Наброски из ненаписанного романа
Вечер с Вертинским. Актер Левашов “поет Вертинского”. Взрослые слушают Вертинского – Левашова при свечах и пьют глинтвейн. Их тени на занавеске, отгораживающей Сашкину кровать.
“Я – Гамлет. Холодеет кровь, когда плетет коварство сети…” – слышит Сашка сквозь занавеску. Тени гостей-актеров перемещаются по гостиничному номеру. Звенят рюмки. Теперь Левашов читает Блока.
Сашка, затаившись, впитал и запомнил эти строки. Потом бормотал их постоянно. Под одеялом. На улице, убегая от злобных преследователей-бесенят. И спасаясь от коварных демонов-искусителей в собственной душе.
Мамина тень на занавеске…
Постоянно: как мама освещена…
То светом движущегося моря – из окна поезда, светом надежды. То светом лампы, когда они втроем за столом, в одном случае светом семьи, в другом – светом драмы. То светом тьмы, когда Сашка ее не видит, а слышит в ночном подростковом ужасе – ее чужой голос, повторяющий Борису такие слова, что у Сашки под одеялом становится жутко и горячо.
Так все-таки я или Сашка?
Когда как. По мере художественной необходимости. Чтоб не очень смущаться и смущать.

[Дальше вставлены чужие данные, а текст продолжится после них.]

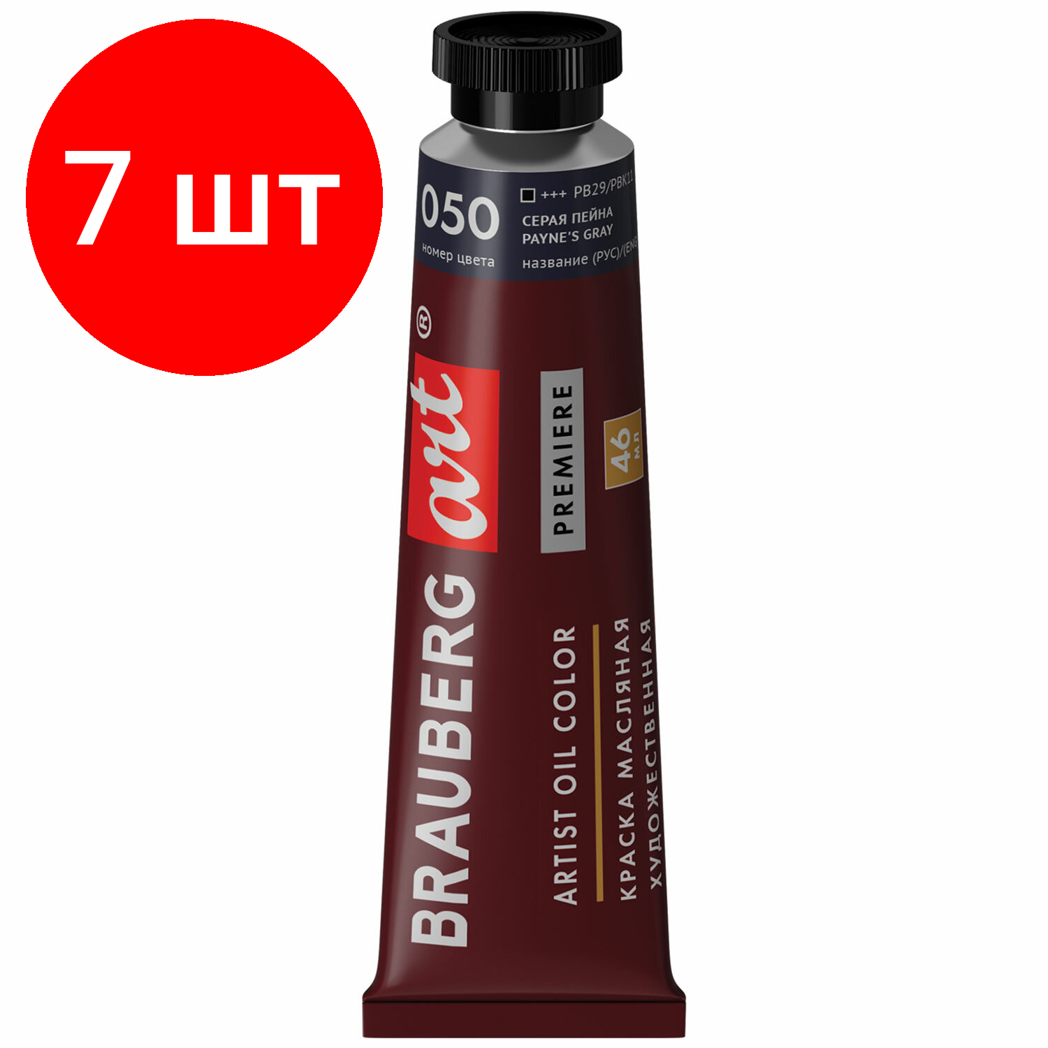 Комплект 7 шт, Краска масляная художественная BRAUBERG ART PREMIERE, 46 мл, проф. серия, холодная серая, 191450

Музыка. Какая? Из Дома офицеров – под дирижерскую палочку потомка Айвазовского с совершенно лысой головой, похожей на гранат. Не по цвету, а по устройству: гранат – грани. В зеленом парадном мундире с золотыми погонами генерала и золотым поясом он командовал музыкой.
Цвет воздуха, цвет этой жизни. Зеленый, как в тот день, когда нас в школе накормили хиной – против глистов. Да, тогда было небо зеленое.

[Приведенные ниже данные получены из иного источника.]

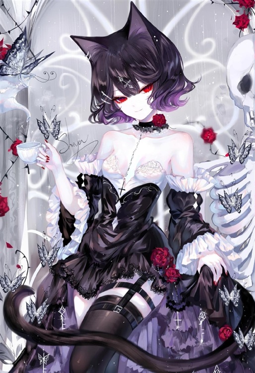 原本135的小萝莉变成了165的猫耳少女!仔细一看黑色秀靓的短发,血红色的双眼带着几分妩媚与危险怎么说呢?反叛少女!!!
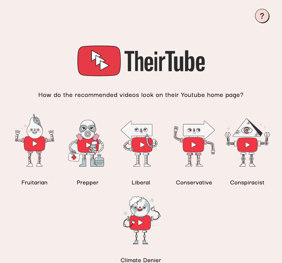 Schaut euch die Webseite TheirTube an und erfährt, wie es in der Filterblase anderer Nutzer und Nutzerinnen aussieht. Dabei stehen sechs Personas (also Internetpersönlichkeiten) zur Auswahl, dessen YouTube-Seiten sich unterscheiden.

Дорога из школы и дорога в школу. Влекущаяся по камням обмелевшая зимняя, лохматая Зангу. Театр, запах ремонта. Наш номер в старом “Севане”. И мамина пишущая машинка. И Новый год. И лица актеров. И зеленое пыльное стекло бутылок с “Джермуком” или “Арзни”, которые я несу из аптеки на углу. И огоньки на горах, которые до сих пор дружески подмигивают мне.
“Купила еще Пашке брюки, так как он день тому назад явился из школы с такими огромными дырами на коленях, что пришлось на другой день не пустить его в школу и срочно купить новые. Ботинки же он носит всё те же”. Мамино письмо – из Еревана.
Много лет спустя я с моими учениками с Высших сценарных и режиссерских курсов, Ваграмом Галстяном и Арманом Чилингаряном, буду искать мою школу. Все почему-то говорят по-разному, где эта школа имени Чкалова. Наконец, Ваграм находит ее.
Медицинский институт, мост, тогда деревянный, а сейчас металлический, река, которая тогда бурлила по камням, а сейчас спрятана под асфальтом, дорога, тогда обыкновенная, узкая, а сейчас – автострада. И сама школа, которая словно поднялась выше – над дорогой и над моей памятью.
Три этажа, серые стены, голые коридоры – имени Чкалова. А еще раньше была – имени Берии. Нам – Ваграму, Арману и мне – всё это рассказывает сторож, белобородый старик, который моложе меня на четыре года. Реки – оказывается, это был приток Зангу – давно нет, она под землей, нет и моста, откуда мы, дети, смотрели на трупик неродившегося младенца в воде.
Сине-красный, похожий на семядолю из учебника ботаники. Перламутровый, блестящий, с переливами, в тонкой росписи сосудиков, словно заменяющей ему кожу, под мелкой водой, бегущей по камням и несущей это крошечное тельце и ударяющей его о камни.
Но она же была – эта речка, этот мелкий, взлохмаченный на камнях поток, окрашенный кровью мальчишек, которые молча резали друг друга бритвами, стоя на большом валуне над водой. И была пионерская комната, где высокая комиссия и пионервожатый товарищ Алик с удивлением взирали на зеленого пластилинового крокодила, слепленного женой подполковника Зоей и принесенного мной в дар товарищу Сталину, который был тогда моложе, чем я сейчас.